自転車ブームだというので、私のような者までTVに呼び出される有様である。TVというものは断片の垂れ流しなので、情報としてはきわめて偏りが多い。うける番組をつくりたいのはわかるが、けっこうでたらめなことをやる。数年前、某局で自転車の速度をスピードガンで測って、暴走はひどい、という画面をつくった。使ったのは野球のボールの速度を測るような装置である。こういう機械は自転車のように遅いものは苦手で、案の定、時速15キロメートルくらいの自転車を倍くらいの速度と誤認した。間違っていてもTVで流れると、いかにも真実のように伝わるから怖い。暴走自転車の恐怖を強調するのに随分貢献した。

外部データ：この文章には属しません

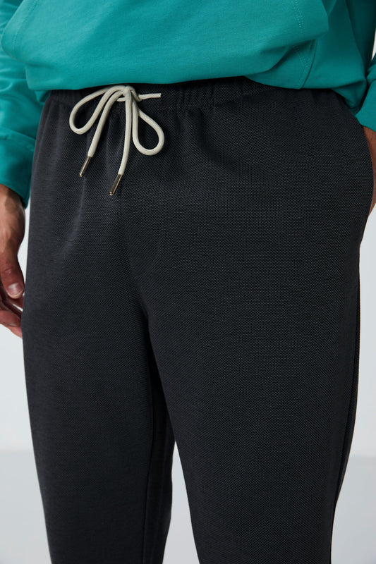 Dark Gray Textured Surface Standard Fit Men's Tracksuit Bottom - 82156
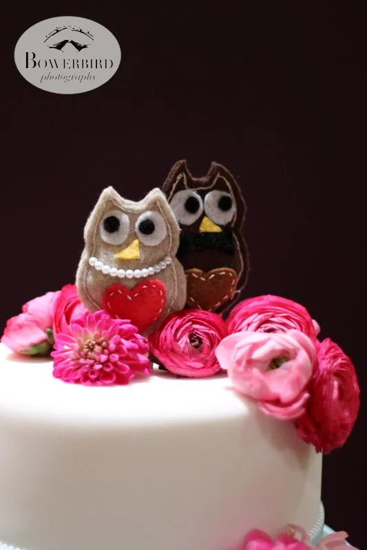 Cute owl cake toppers that the bride made herself :) © Bowerbird Photography 2013; Marin Art and Garden Center Wedding, Ross, CA.

今でこそ少なくなったが、TVや雑誌で景色の良いところや歴史的な建造物を背景に颯爽と行く自転車、という画面が法令違反の逆送であることもあたりまえだった。見つけるたびに文句を言っていたのだが、最初の頃は「いちゃもんをつける変なオヤジ」としか受け取られなかった。いや、今でもそうだろう。
自転車が車道左端を安全に走るためには、どうしてもクルマのドライバーの理解と協力が要る。そこで、TVの仕事はお断りすることがあっても、ラジオの仕事は喜んでお引き受けすることにしている。運転しながらラジオを聞いている人は多い。その人たちに、自転車は同じ車両であり、車道を走るものだから注意してください、とメッセージを送ることはとても重要である。
TV局にいる古い友人から話があり、「TVはつまみ食いをするからイヤだ」などと偉そうなことを言ったら、正味1時間半の番組だ、自転車の話題でそんなに長い時間、視聴者をつなぎ止めておくことは不可能だろうから、テーマを3つくらい並べて・・・という話になった。売り言葉に買い言葉である。酒の席だったが、3時間以上、自転車にまつわる話を並べ立てた。結局、自転車だけで2時間のトーク番組にすることになったが、ただでさえ視聴率の低いBS放送である。退屈してチャンネルを替える人ばかりだったらどうしよう、と不安でいっぱいだった。二代目自転車名人の鶴見辰吾さんを引っ張り出したことが功を奏したのか、反響はまずまずだったようで、私の説得に負けてGOサインを出した友人の顔も立ったらしい。しかし、番組内で「KEEP LEFT」と「自転車の楽しさ」を言う時間がなかった私は、やはりTVに不満なのである。